• **Task directions**
Below is a block of records: output all of them exactly and leave out the pictures.

• **Dataset records**
####################

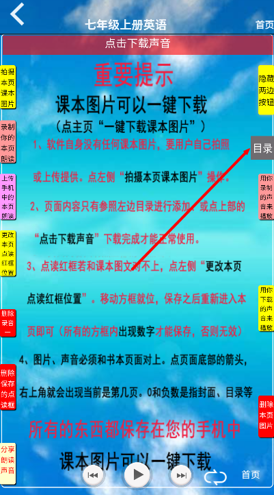 七年级英语点读是一款辅助英语学习的软件,涵盖教材点读、课文朗读、语音跟读与单词学习等功能。支持同步教材内容,帮助学习者巩固课堂知识,提升听力与口语表达。软件内设置精准发音与句子解析功能,可逐句点读、反复练习,让英语学习更高效直观。通过听、读、练的结合方式,帮助掌握语音语调与词汇用法,增强英语综合能力。
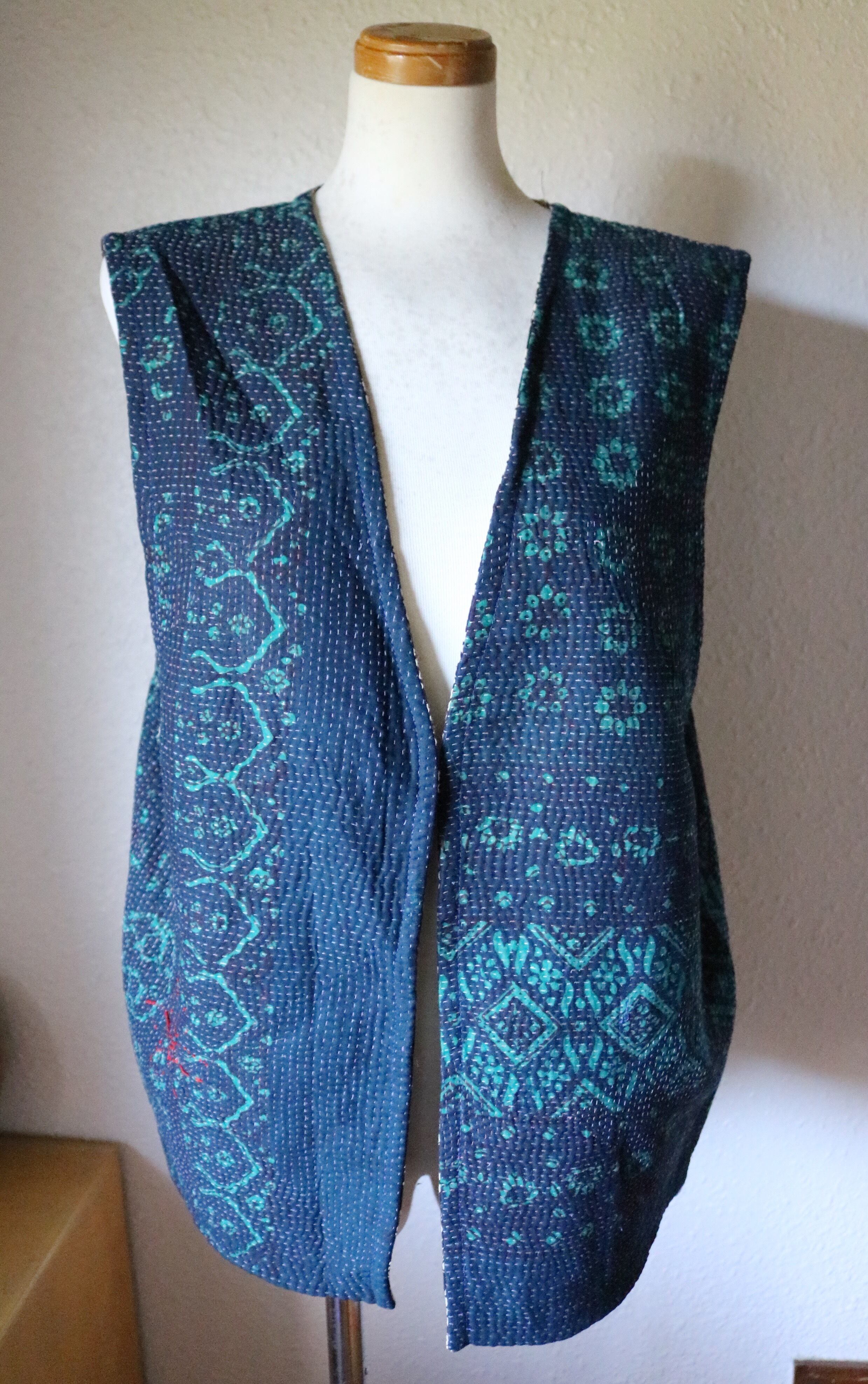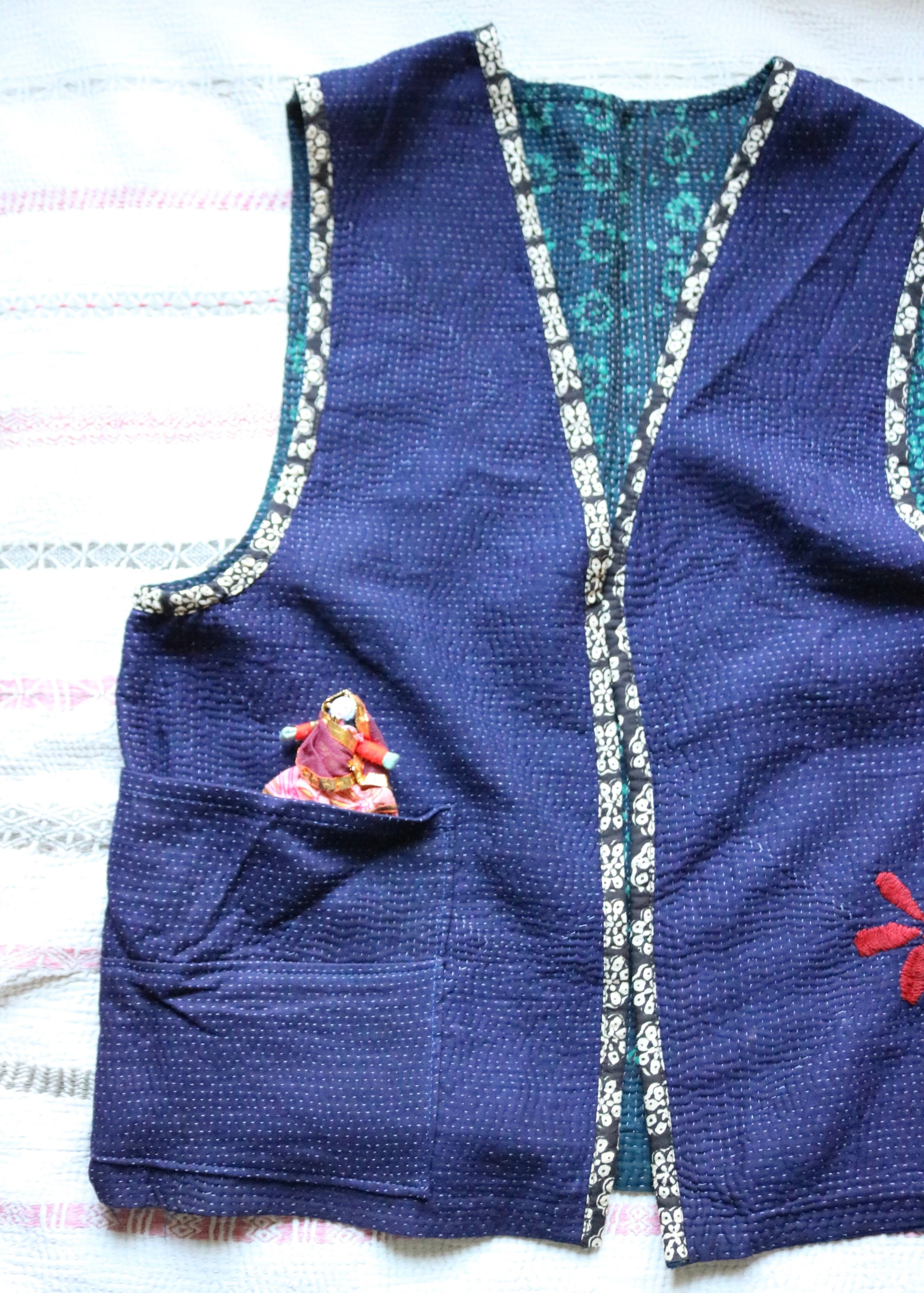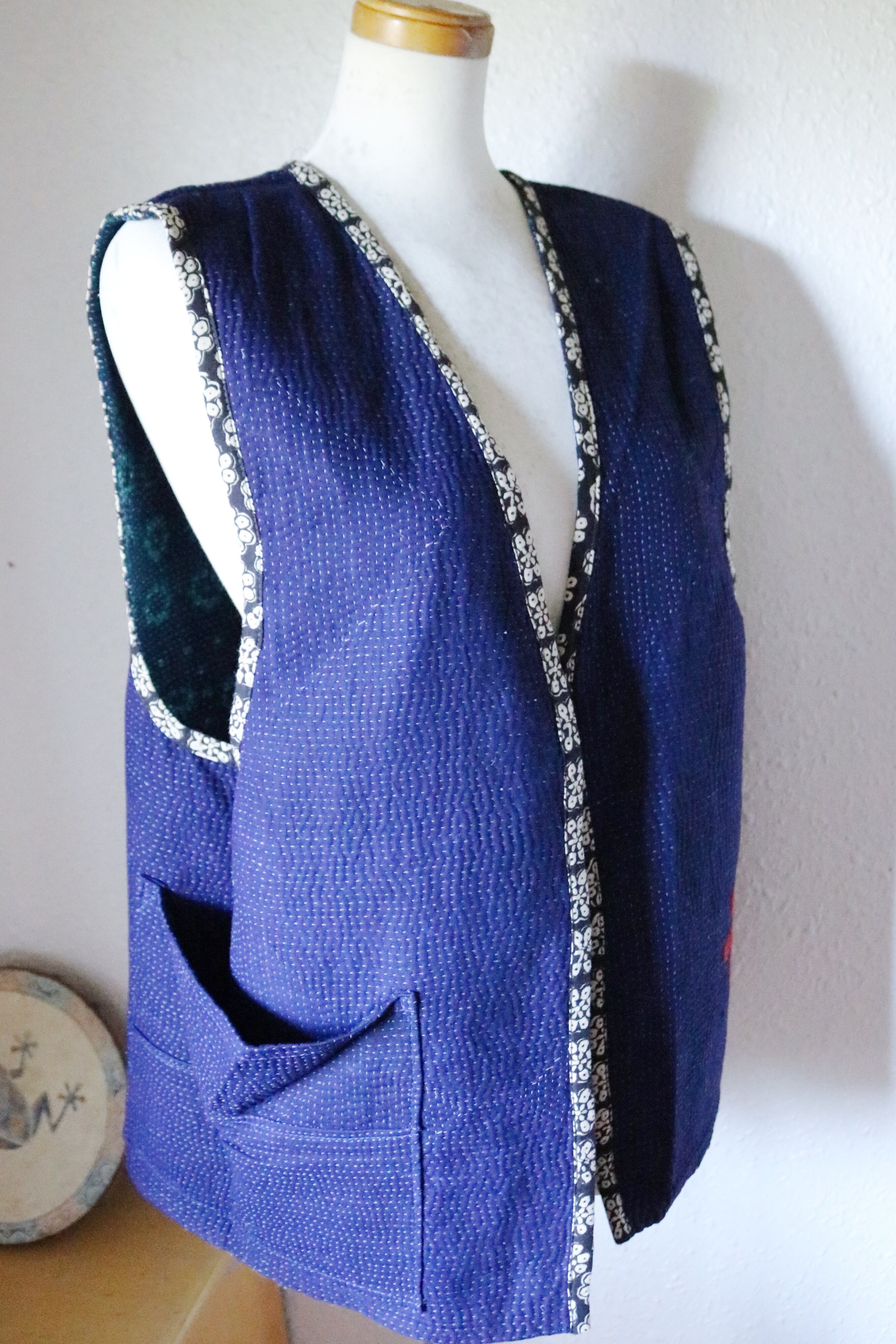 カンタキルトから仕立てたリバーシブルのベストです。
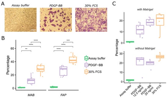 Because both mesoangioblasts and fibro/adipogenic progenitors express PDGFRB and its ligand is upregulated in dystrophic skeletal as well as cardiac muscle, we wanted to check if these cells are able to migrate towards this growth factor. We performed an in vitro migration assay on mesoangioblasts as well as fibro/adipogenic progenitors and assessed their ability to migrate towards PDGF-BB (Figure 5A). Both were able to migrate towards PDGF-BB albeit with different efficiencies (Figure 5B). Additionally, we also confirm the ability of fibro/adipogenic progenitors to invade through Matrigel, although with a lower efficiency as without Matrigel (Figure 5C).
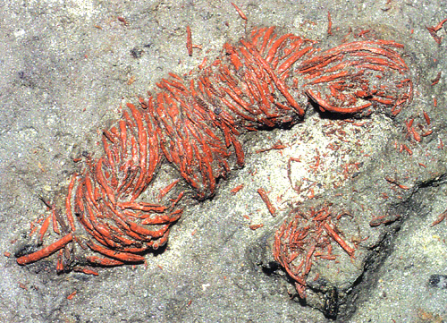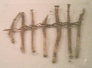 赤い漆を塗った糸をたばねて複雑に結んだもので、さまざまな飾りに使われたと思われる。通常、漆を塗ると糸は硬く固ま
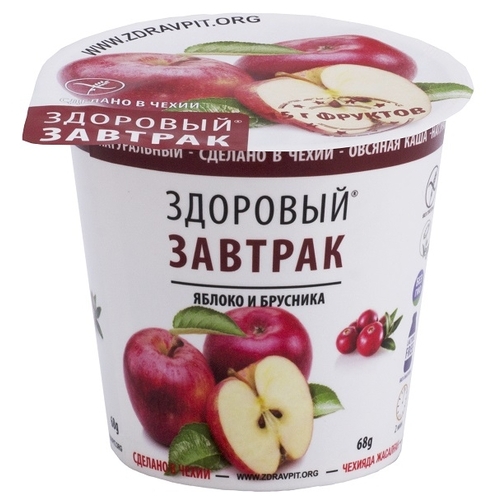 Здоровый завтрак Каша овсяная безглютеновая быстрого приготовления Яблоко и брусника, 68 г
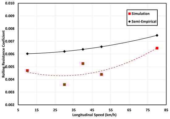 where V is the longitudinal (linear) speed of the tire in km/h. As shown in Figure 11, the results show a similar trend between the simulation results and the semi-empirical relationship. For instance, the simulation shows a 23% increase in RRC between 40 and 80 km/h, while the semi-empirical relationship shows a 17% increase in RRC. Since the semi-empirical relationship does not include the effect of load or inflation pressure, the simulations were selected at nominal conditions.
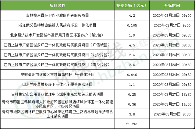 環(huán)保在線關(guān)注環(huán)衛(wèi)市場(chǎng)動(dòng)態(tài)時(shí)發(fā)現(xiàn),短短幾天時(shí)間,招標(biāo)市場(chǎng)就聚集了多個(gè)環(huán)衛(wèi)相關(guān)標(biāo)的,項(xiàng)目總投資額高達(dá)21億元。
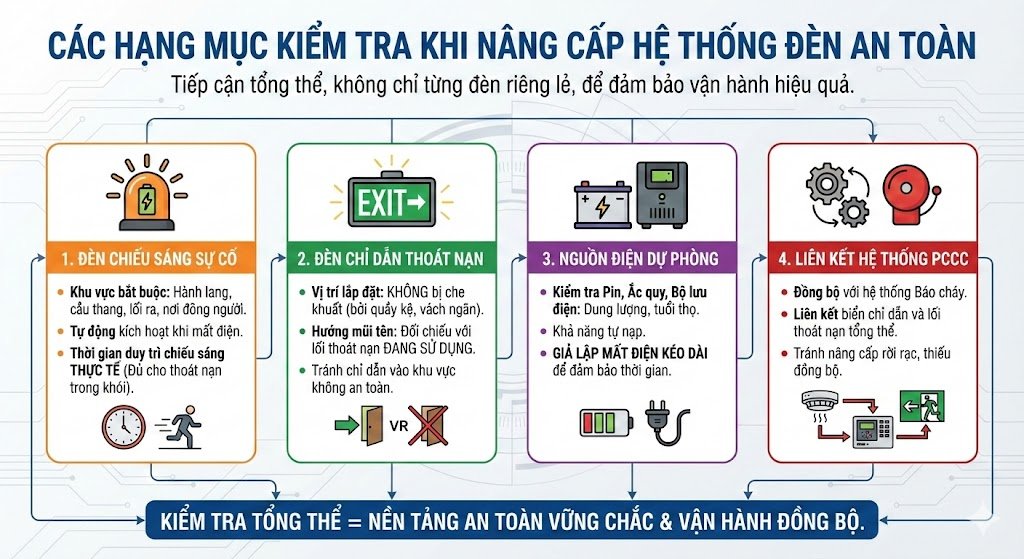 Khi bắt đầu nâng cấp hệ thống đèn an toàn, sai lầm phổ biến nhất là chỉ nhìn vào từng chiếc đèn riêng lẻ mà bỏ qua toàn bộ bức tranh vận hành của công trình. Trên thực tế, việc nâng cấp hiệu quả luôn bắt đầu từ khâu kiểm tra tổng thể các hạng mục liên quan, nhằm đảm bảo rằng khi xảy ra sự cố, ánh sáng an toàn được duy trì liên tục và dẫn hướng đúng cho người thoát nạn.
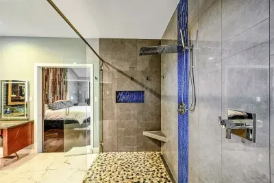 – Bedroom 1 (Primary Suite): 1 King bed, private deck access, spa-style en-suite with large walk-in shower and custom closet
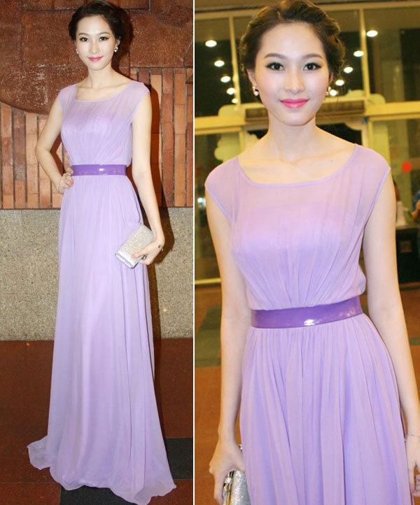 Nếu như gam đỏ mang tới sự nóng bỏng, màu trắng khơi gợi sự tinh khôi thì màu tím lại tạo nên sự đằm thắm, mặn mà vô cùng quyến rũ. Dù là tím nhạt, tím đậm... đều rất cuốn hút khi mặc lên người. Tuy nhiên với gam màu này, khi mặc bạn phải rất thận trọng và tinh tế chọn kiểu dáng, trang điểm, kiểu tóc cho thật phù hợp, nếu không sẽ rất dễ bị già dặn đấy.
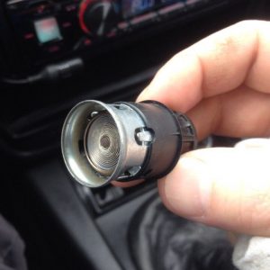 Якщо ці дії не дали позитивного ефекту, вийміть прикурювач з посадкового місця. Коли він погано піддається, можна взяти плоскогубці. Тільки при затиску обов’язково використовуйте ганчір’яну тканину, щоб не подряпати корпус і не псувати його зовнішній вигляд. Повільно тягніть за металевий обід, щоб не порвати дроти живлення.Зверніть увагу: У продажу можна знайти, як оригінальні, так і «китайські» прикурювачі.
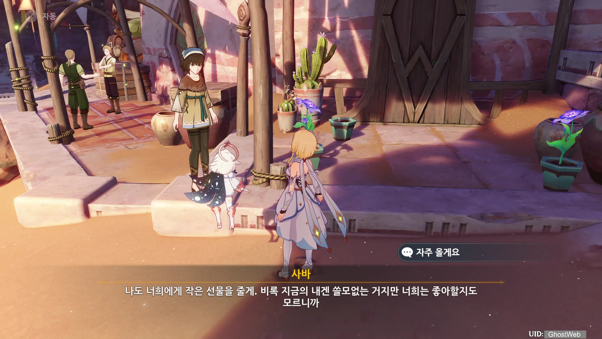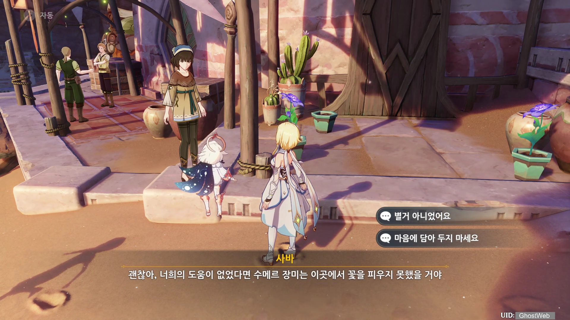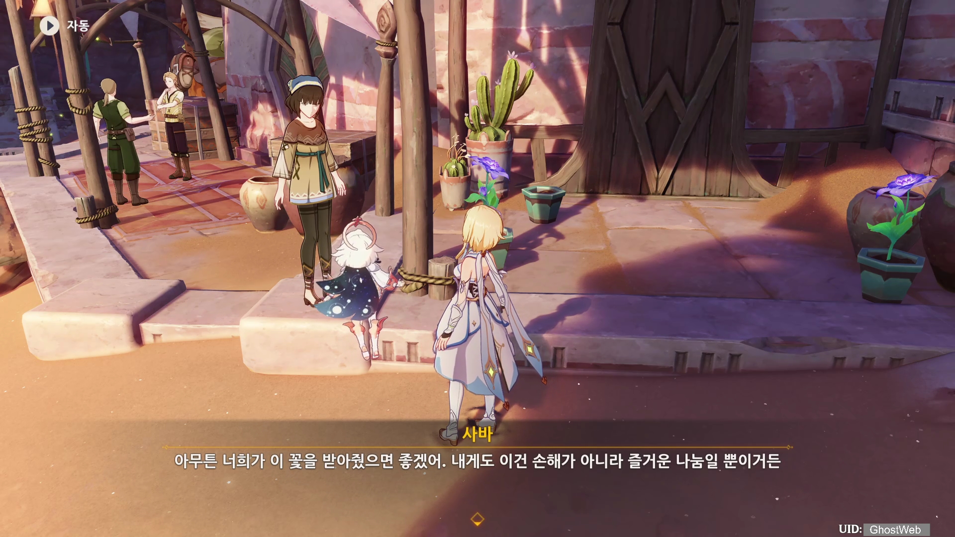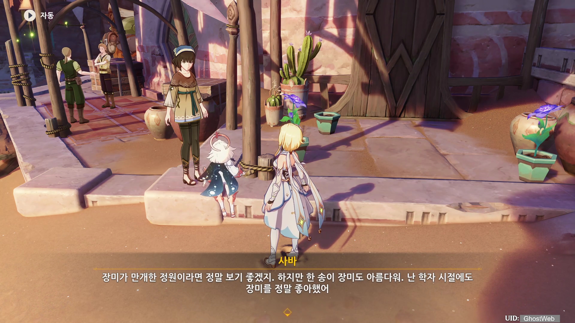 아루 마을 입구 근처에 있는 사바에게 대화를 하면 다시 방문해 약속을 지켰다면서 대화를 이어가는데, 이전에 심었전 꽃이 자라는 속도가 조금 느려서 걱정이라는 말을 해요.

####################

• **Result**
 七年级英语点读是一款辅助英语学习的软件,涵盖教材点读、课文朗读、语音跟读与单词学习等功能。支持同步教材内容,帮助学习者巩固课堂知识,提升听力与口语表达。软件内设置精准发音与句子解析功能,可逐句点读、反复练习,让英语学习更高效直观。通过听、读、练的结合方式,帮助掌握语音语调与词汇用法,增强英语综合能力。
 カンタキルトから仕立てたリバーシブルのベストです。
 Because both mesoangioblasts and fibro/adipogenic progenitors express PDGFRB and its ligand is upregulated in dystrophic skeletal as well as cardiac muscle, we wanted to check if these cells are able to migrate towards this growth factor. We performed an in vitro migration assay on mesoangioblasts as well as fibro/adipogenic progenitors and assessed their ability to migrate towards PDGF-BB (Figure 5A). Both were able to migrate towards PDGF-BB albeit with different efficiencies (Figure 5B). Additionally, we also confirm the ability of fibro/adipogenic progenitors to invade through Matrigel, although with a lower efficiency as without Matrigel (Figure 5C).
 赤い漆を塗った糸をたばねて複雑に結んだもので、さまざまな飾りに使われたと思われる。通常、漆を塗ると糸は硬く固ま
 Здоровый завтрак Каша овсяная безглютеновая быстрого приготовления Яблоко и брусника, 68 г
 where V is the longitudinal (linear) speed of the tire in km/h. As shown in Figure 11, the results show a similar trend between the simulation results and the semi-empirical relationship. For instance, the simulation shows a 23% increase in RRC between 40 and 80 km/h, while the semi-empirical relationship shows a 17% increase in RRC. Since the semi-empirical relationship does not include the effect of load or inflation pressure, the simulations were selected at nominal conditions.
 環(huán)保在線關(guān)注環(huán)衛(wèi)市場(chǎng)動(dòng)態(tài)時(shí)發(fā)現(xiàn),短短幾天時(shí)間,招標(biāo)市場(chǎng)就聚集了多個(gè)環(huán)衛(wèi)相關(guān)標(biāo)的,項(xiàng)目總投資額高達(dá)21億元。
 Khi bắt đầu nâng cấp hệ thống đèn an toàn, sai lầm phổ biến nhất là chỉ nhìn vào từng chiếc đèn riêng lẻ mà bỏ qua toàn bộ bức tranh vận hành của công trình. Trên thực tế, việc nâng cấp hiệu quả luôn bắt đầu từ khâu kiểm tra tổng thể các hạng mục liên quan, nhằm đảm bảo rằng khi xảy ra sự cố, ánh sáng an toàn được duy trì liên tục và dẫn hướng đúng cho người thoát nạn.
 – Bedroom 1 (Primary Suite): 1 King bed, private deck access, spa-style en-suite with large walk-in shower and custom closet
 Nếu như gam đỏ mang tới sự nóng bỏng, màu trắng khơi gợi sự tinh khôi thì màu tím lại tạo nên sự đằm thắm, mặn mà vô cùng quyến rũ. Dù là tím nhạt, tím đậm... đều rất cuốn hút khi mặc lên người. Tuy nhiên với gam màu này, khi mặc bạn phải rất thận trọng và tinh tế chọn kiểu dáng, trang điểm, kiểu tóc cho thật phù hợp, nếu không sẽ rất dễ bị già dặn đấy.
 Якщо ці дії не дали позитивного ефекту, вийміть прикурювач з посадкового місця. Коли він погано піддається, можна взяти плоскогубці. Тільки при затиску обов’язково використовуйте ганчір’яну тканину, щоб не подряпати корпус і не псувати його зовнішній вигляд. Повільно тягніть за металевий обід, щоб не порвати дроти живлення.Зверніть увагу: У продажу можна знайти, як оригінальні, так і «китайські» прикурювачі.
 아루 마을 입구 근처에 있는 사바에게 대화를 하면 다시 방문해 약속을 지켰다면서 대화를 이어가는데, 이전에 심었전 꽃이 자라는 속도가 조금 느려서 걱정이라는 말을 해요.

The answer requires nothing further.